I'm writing a C++ multi-threaded code. When testing the overhead of different mutex lock I found that the thread unsafe code seem to yield the correct result compiled with Release Configuration in Visual Studio but much faster than the code with mutex lock. However with Debug Configuration the result is what I expected. I was wondering if it's the compiler that solved this or it's just because the code compiled in Release configuration runs so fast that two threads never accesses the memory in the same time?

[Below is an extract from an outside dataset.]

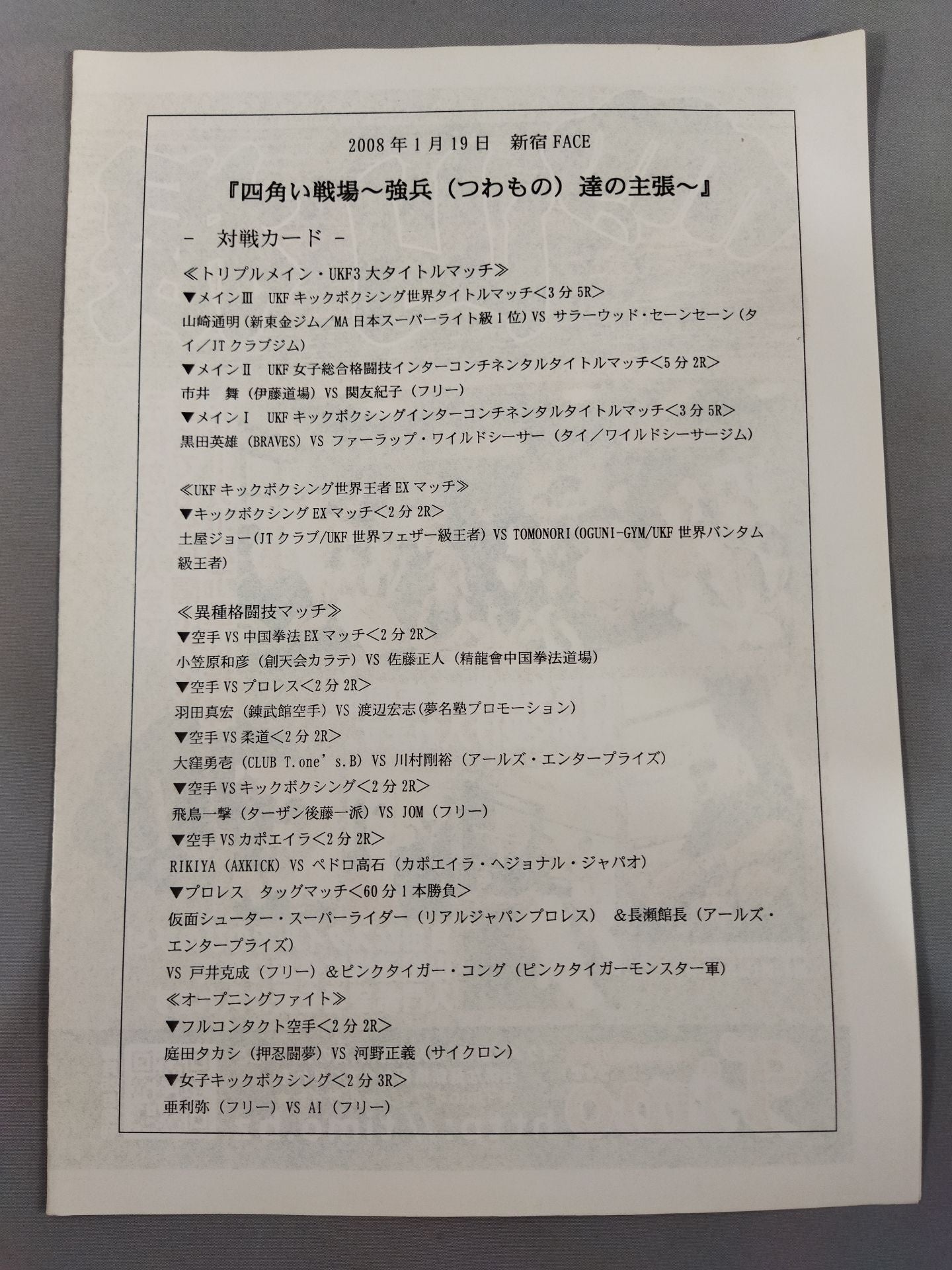 2008 List of the matches is printed : Michiaki Yamazaki vs Salawood Saeng Saeng / A4 size, 1 page spread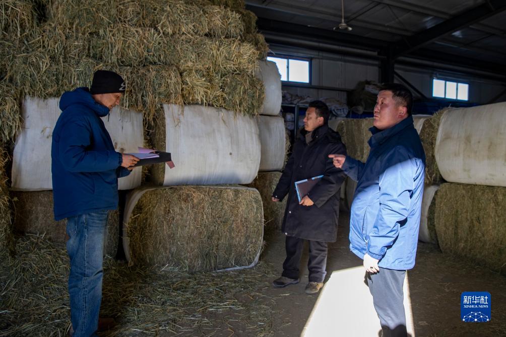 當?shù)馗刹吭诙砭绵l(xiāng)農(nóng)牧業(yè)防抗災物資儲備庫里盤點物資庫存。這里草料、爐子、棉服、煤炭、除雪工具等一應俱全(12月18日攝)。新華社記者 姜帆 攝

My test code is pasted as following.

class Mutex {
public:
unsigned long long  _data;

bool tryLock() {
    return mtx.try_lock();
}

inline void Lock() {
    mtx.lock();
}
inline void Unlock() {
    mtx.unlock();
}
void safeSet(const unsigned long long &data) {
    Lock();
    _data = data;
    Unlock();
}
Mutex& operator++ () {
    Lock();
    _data++;
    Unlock();
    return (*this);
}
Mutex operator++(int) {
    Mutex tmp = (*this);
    Lock();
    _data++;
    Unlock();
    return tmp;
}
Mutex() {
    _data = 0;
}
 private:
std::mutex mtx;
Mutex(Mutex& cpy) {
    _data = cpy._data;
}
}val;

static DWORD64 val_unsafe = 0;
DWORD WINAPI safeThreads(LPVOID lParam) {
for (int i = 0; i < 655360;i++) {
    ++val;
}
return 0;
}
DWORD WINAPI unsafeThreads(LPVOID lParam) {
for (int i = 0; i < 655360; i++) {
    val_unsafe++;
}
return 0;
}

int main()
{
val._data = 0;
vector<HANDLE> hThreads;
LARGE_INTEGER freq, time1, time2;
QueryPerformanceFrequency(&freq);
QueryPerformanceCounter(&time1);
for (int i = 0; i < 32; i++) {
    hThreads.push_back( CreateThread(0, 0, safeThreads, 0, 0, 0));
}
for each(HANDLE handle in hThreads)
{
    WaitForSingleObject(handle, INFINITE);
}
QueryPerformanceCounter(&time2);
cout<<time2.QuadPart - time1.QuadPart<<endl;
hThreads.clear();
QueryPerformanceCounter(&time1);

for (int i = 0; i < 32; i++) {
    hThreads.push_back(CreateThread(0, 0, unsafeThreads, 0, 0, 0));
}
for each(HANDLE handle in hThreads)
{
    WaitForSingleObject(handle, INFINITE);
}
QueryPerformanceCounter(&time2);
cout << time2.QuadPart - time1.QuadPart << endl;

hThreads.clear();
cout << val._data << endl << val_unsafe<<endl;
cout << freq.QuadPart << endl;
return 0;
}
Christophe
  • 68,716
  • 7
  • 72
  • 138
Bill Sun
  • 51
  • 5

1 Answers1

6

The standard doesn't let you assume that code is thread safe by default. Your code gives nevertheless correct result when compiled in release mode for x64.

But why ?

If you look at the assembler file generated for your code, you'll find out that that the optimizer simply unrolled the loop and applied constant propagation. So instead of looping 65535 times, it just adds a constant to your counter :

?unsafeThreads@@YAKPEAX@Z PROC              ; unsafeThreads, COMDAT
; 74   :    for (int i = 0; i < 655360; i++) {
    add QWORD PTR ?val_unsafe@@3_KA, 655360 ; 000a0000H   <======= HERE 
; 75   :        val_unsafe++;
; 76   :    }
; 77   :    return 0;
    xor eax, eax                             
; 78   : }

In this situation, with a single and very fast instruction in each thread, it's much less probable to get a data race : most probably one thread is already finished before the next is launched.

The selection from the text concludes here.